Further concessions followed; and in 1505 the faculty allowed the barbers to be inscribed on the dean's [{692}] register, and, after passing through an examination, to be formally received as scholars. They paid, however, for their lessons, and took an oath never to prescribe an internal remedy, but to have recourse to the doctors for the medical treatment of their patients. On these conditions the proudest of scientific corporations extended its protection to, and even took into a certain fellowship, a profession not only humble, but so much despised, that in Germany at that period barbers were not admitted into any trade corporation. The credit of the king's barber—an important personage, who enjoyed familiar opportunities for asking favors—had something perhaps to say to the prosperity of this trade in France. And the barbers continued to prosper; it was their interest, indeed, to keep well with the faculty, whose protecting hand once withdrawn, they would helplessly fall back under the cruel bondage of their old masters. But as time went on, they grew confident. The troubles of the League unhinged society, and for some years we find them neglecting to take the oath of fidelity. Meanwhile surgery had attained a proud position, and at the end of the sixteenth century was much in advance of the other sciences, both in its spirit of independent inquiry and in experimental practice.
Many eminent names illustrate its annals at this period.
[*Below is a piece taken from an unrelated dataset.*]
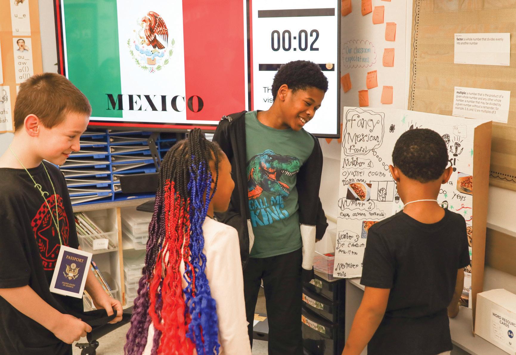 Samuel Lowe, second from right, a fifth grader in Erin Hanson’s class, shares information about Mexico with second graders in Amanda Starwalt’s class during the school’s International Day celebration. The second graders are, from left, Chadwick Harris, Brooklyn Davis and Jeremiah Hunt.

At the head of the corporation was Ambroise Paré, the restorer—we might almost say the creator—of modern surgery. He had been a barber's boy in his youth, and still treated his old associates with much consideration. Perhaps this honorable notice helped to turn their heads a little, for they actually began to set up school for themselves, and to maintain theses. This got them a snub from the faculty, and a prohibition from parliament, which recalled to their recollection the ancient statute which permitted their intervention only "pro furunculis, bocchiis, et apostumatibus. " But the time was past for enforcing such laws; every day the barbers more and more emancipated themselves from thraldom; and in 1629 they obtained the right of having their receptions presided over by the king's barber or by his lieutenant.